The front door was made of a steel frame to hold up the glass through which I looked outside while I reached for the handle. I noticed something strange in the distance. Marcus and Strobe were against one of the buildings. They peeked around the corner, Strobe on one knee and Marcus stood behind him to look over him. I paused before I opened the door and watched them watch something else. Their attention was tightly held, and like all other things lately, it couldn’t be anything good.

Marcus backed away from the corner and tapped Strobe on the shoulder twice to get him to look back, and they backed away together. A quick one eighty followed and they ran into the store nearest them. In the store, they both jumped over the counter and hid behind it to peek over the top, identical to how I did in the gas station before Jason came to the rescue.

“No one go out! Find cover and stay out of sight!” I said trying to rush the words out through my inconveniently slow vocal cords. I hid behind a container with random nothings for sale inside it. The lantern was safely stationed in the container so the light wouldn’t spill out.

Everyone else took cover too; Edwin flipped around the corner of one of the isles and both Lizbeth and Mara hid behind the register counter nearest to us. We all peeked around and over whatever we hid behind and waited to see what Marcus and Strobe were hiding from. The seconds passed and stretched out to make the wait an eternity. Everything was endless during an apocalypse, like my boring classes.
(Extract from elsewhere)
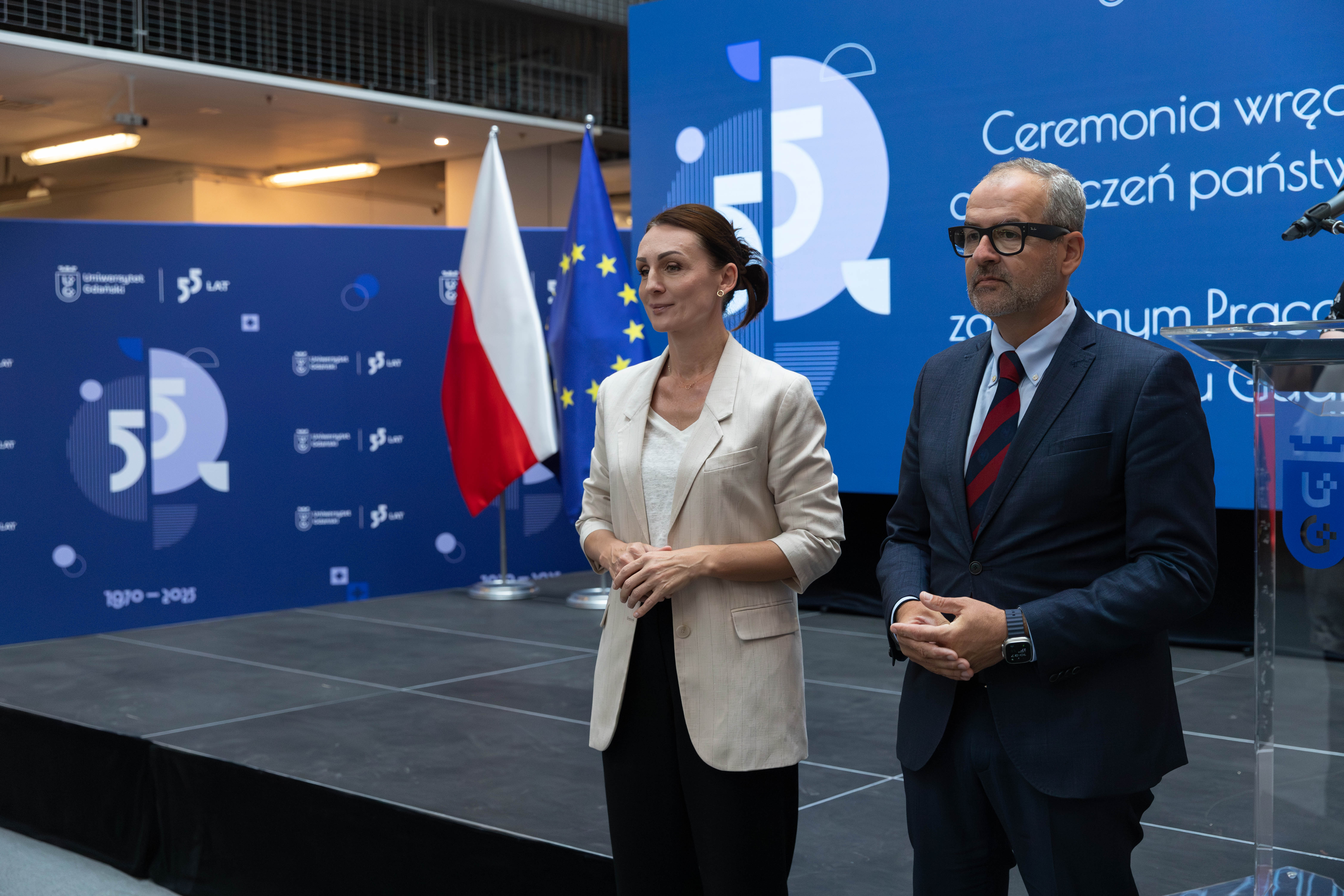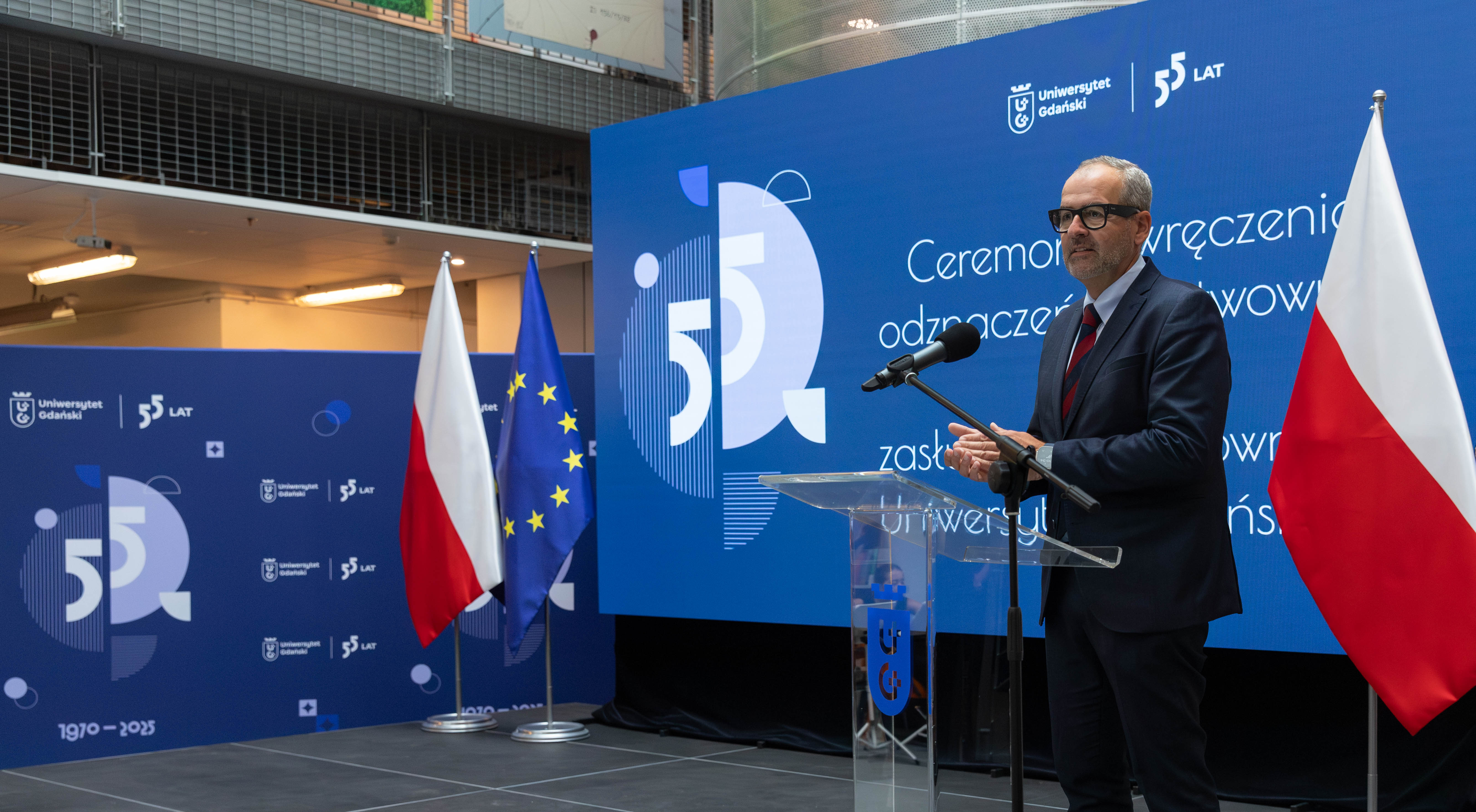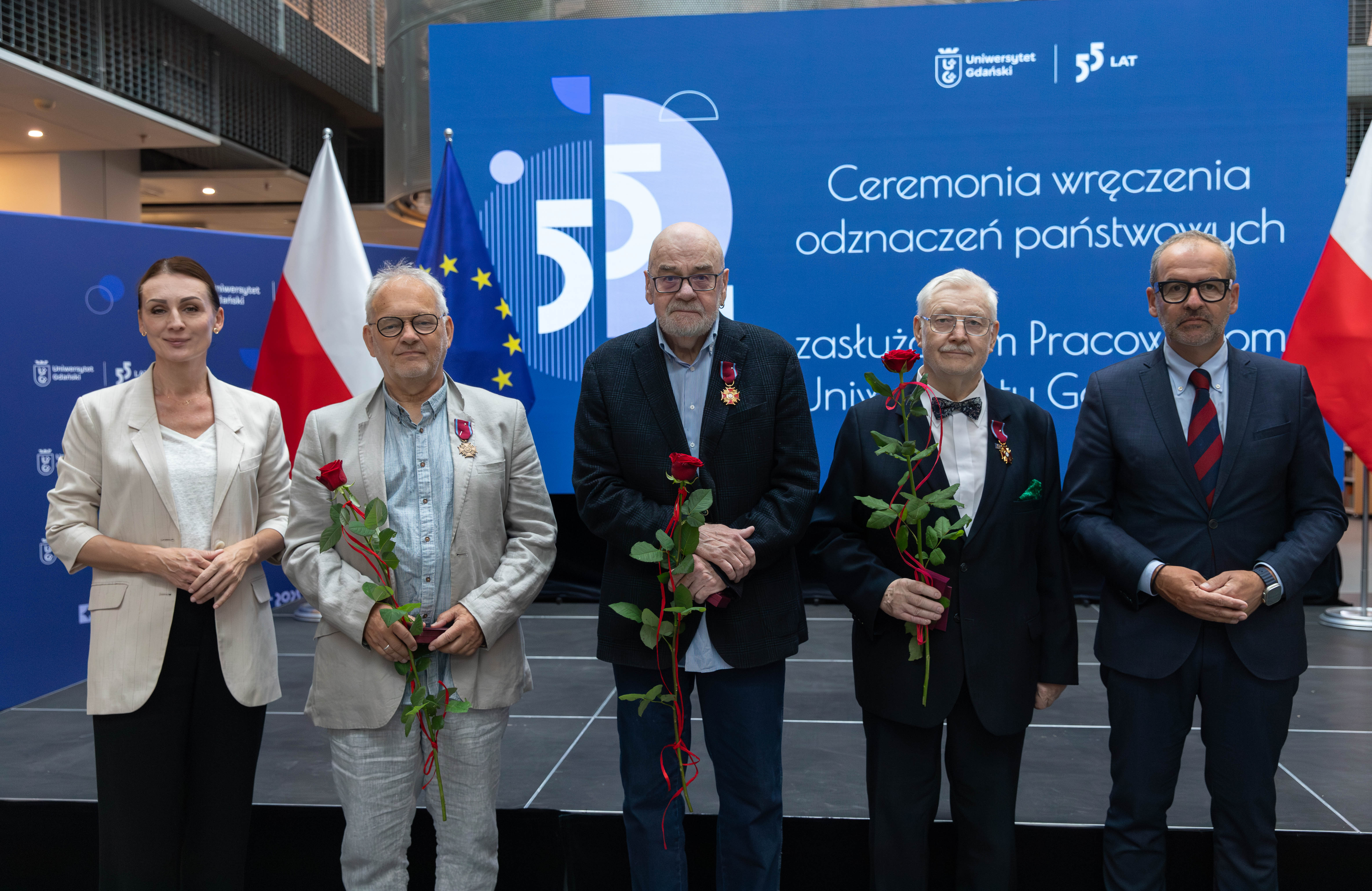 - Uhonorowanie naszych pracowników odznaczeniami państwowymi To przede wszystkim dowód na ta, że cała społeczność Uniwersytetu Gdańskiego pracuje na jego markę, prestiż i rozpoznawalność. To widać nie tylko w naszych znakomitych osiągnięciach naukowych, organizacyjnych i dydaktycznych, ale również w pozycji uniwersytetu w rankingach zarówno krajowych, jak i międzynarodowych - powiedział Rektor Uniwersytetu Gdańskiego, prof. Piotr Stepnowski. - Dzisiaj jesteśmy tu po to, aby uhonorować naszych najwybitniejszych, najbardziej zasłużonych pracowników. Te odznaczenia są dowodem na to, że związaliście swoje życie i pasję z waszą uczelnią. Za to chciałbym wam serdecznie podziękować, bo ten nierozerwalny związek między waszą pracą a uniwersytetem to jest właśnie to dobro, które tworzy jego pozycję zarówno w kraju, jak i za granicą. Serdecznie Państwu gratuluję!

I waved my hand over the container so Marcus could see where we were from his position across the street. Once I grabbed a hold of his attention I spread my hands to the sides and shrugged as if to ask what was going on. His response was fake sign language for “stay back.”

Soon enough, a little girl around Mara’s age ran around the corner followed by a man around Marcus’ age. Directly behind them, a large group of runners followed, fifty or sixty of them. The man and the little girl tried to break their own speed limit but the infected kept up with them until the girl tripped and fell to the ground. The man ran right past her and stopped a few feet ahead. He ran back to get the little girl. None of us moved to help them. We knew what came next. We knew how this story went, and we would be part of it if we made a move to help them. They were too close for the girl to get up and regain the speed they needed to get away. The man did what he thought was right. He laid his body over the girl’s and used himself as a shield.
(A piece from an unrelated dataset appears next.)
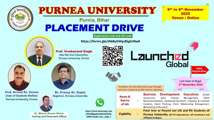पूर्णिया विश्वविद्यालय में तीन दिवसीय प्लेसमेंट ड्राइव सम्पन्न, 11 छात्रों को LaunchEd Global से रोजगार का अवसर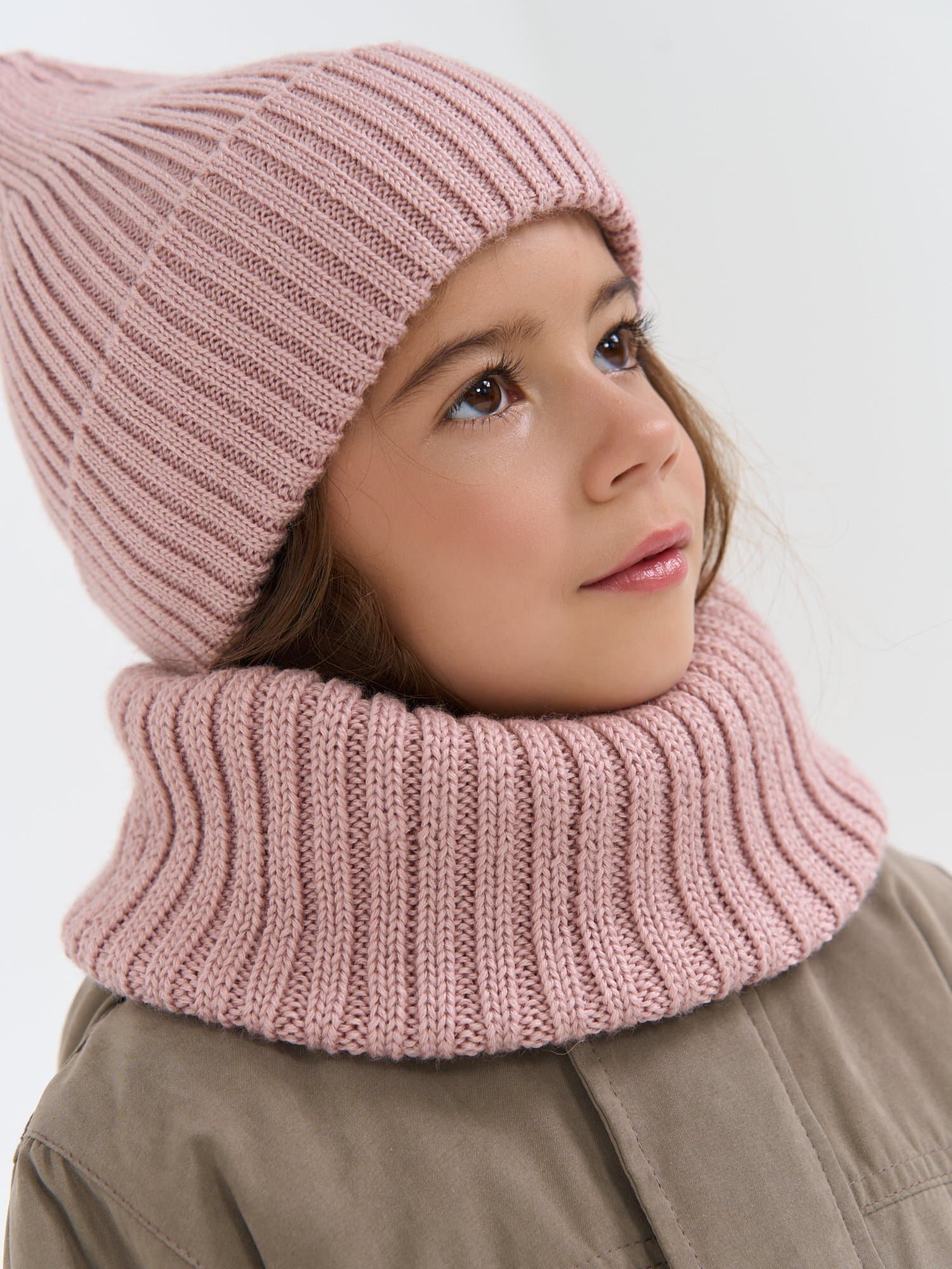 Снуд из смесовой шерсти "Пудра" вертикальная вязка

A whine came from behind me. I turned, Lizbeth looked away and held Mara’s face against her chest to keep her from seeing what was going to happen. Edwin knew what was to come and he looked away as well. I could no longer see the front of Marcus’s face but the top of his head still poked out from over the counter. Strobe didn’t look away.

The man was trampled by the infected. They ripped at his clothes with their hands and bites all over his body. His screams made it through the thick glass that separated us from him. Little after, the girl screamed. They managed to work their way through the man and get to the little girl. I couldn’t watch any longer. The girl’s piercing screams and the sounds of the man gasp and choke on his blood had me stuck, frozen in a state of shock. All of this took place right outside the store from us.
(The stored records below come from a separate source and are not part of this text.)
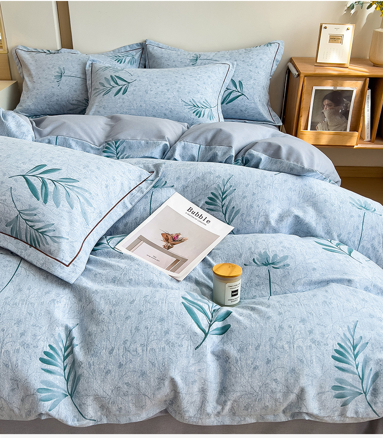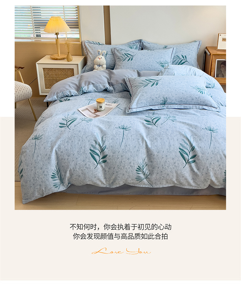 芃成家纺 2024新款原棉加厚生态磨毛四件套 蓝町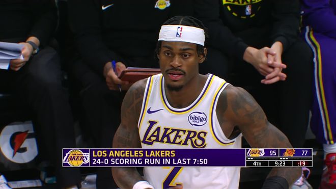 布克和马威在第三节开始后不久轮流得分,太阳队再次领跑。东契奇三罚追近,布克回敬4分稳住局势,可太阳队之后进攻失准,连续投篮打铁,东契奇独得4分率队打出15-0的反击高潮结束第三节,湖人队以86-77领先9分。
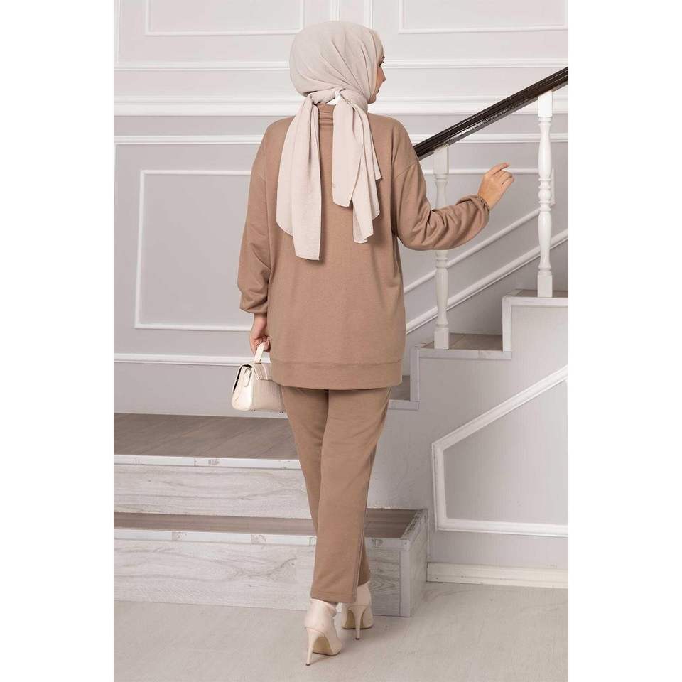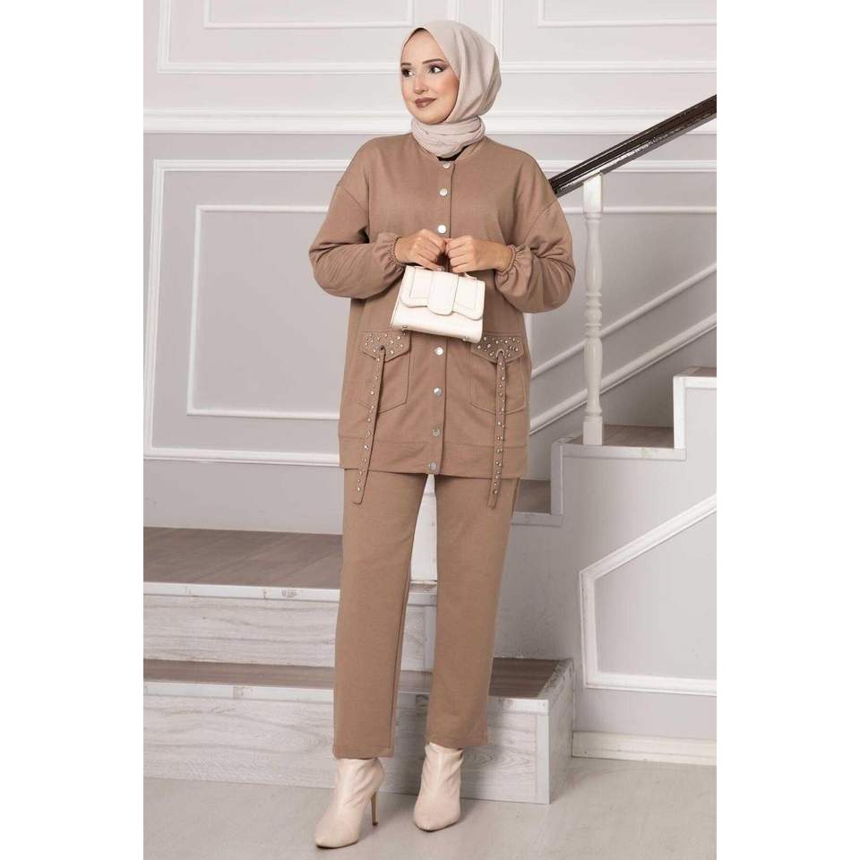 Bird Eye Stone Pattern Two Yarn Set Mink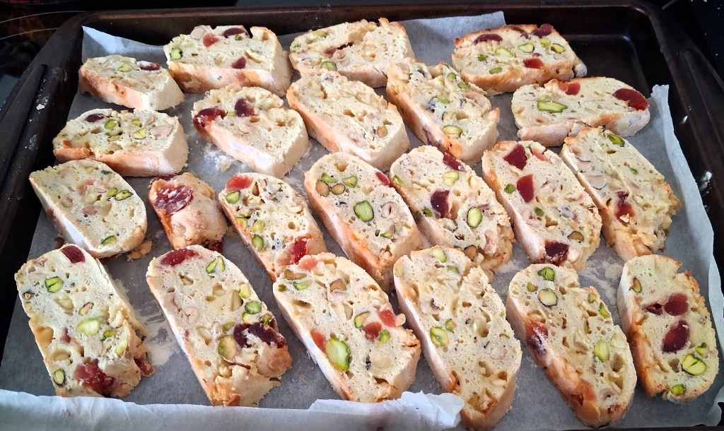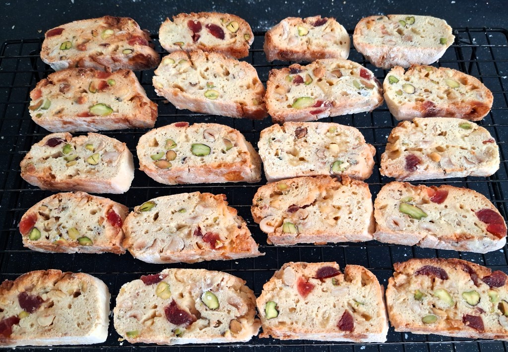 These wonderful double-baked biscuits are packed with tasty extras. Every bite will contain a combination of “what it says on the tin”. And, unlike many gluten free bakes, this one more than holds its own against any “with gluten” versions. Not only do they taste great, but the texture is great too.

Soon all noises from the man stopped and the little girl reached the same point of the torture the man was just in. Her gasps became further apart until all we could hear was the faint sound of her choke on whatever blood didn’t seep out through the gashes on her neck, legs and arms. Eventually, everything became quiet. We could almost felt the silence. The infected continued to run and scream but it was blocked out by the shock of what we were force to let happen. Nothing but a ring was left in my ear drums.

Everyone in the dollar store was frozen in place along with me, terrified. The ease and relaxation was over. We all knew where we were and what waited for us. That denial of the horrors around us and the false sense of security we came up with all vanished just as fast as it came. Our much needed reality check came at the expense of two lives. I felt so cold, like the temperature dropped twenty degrees within those few minutes.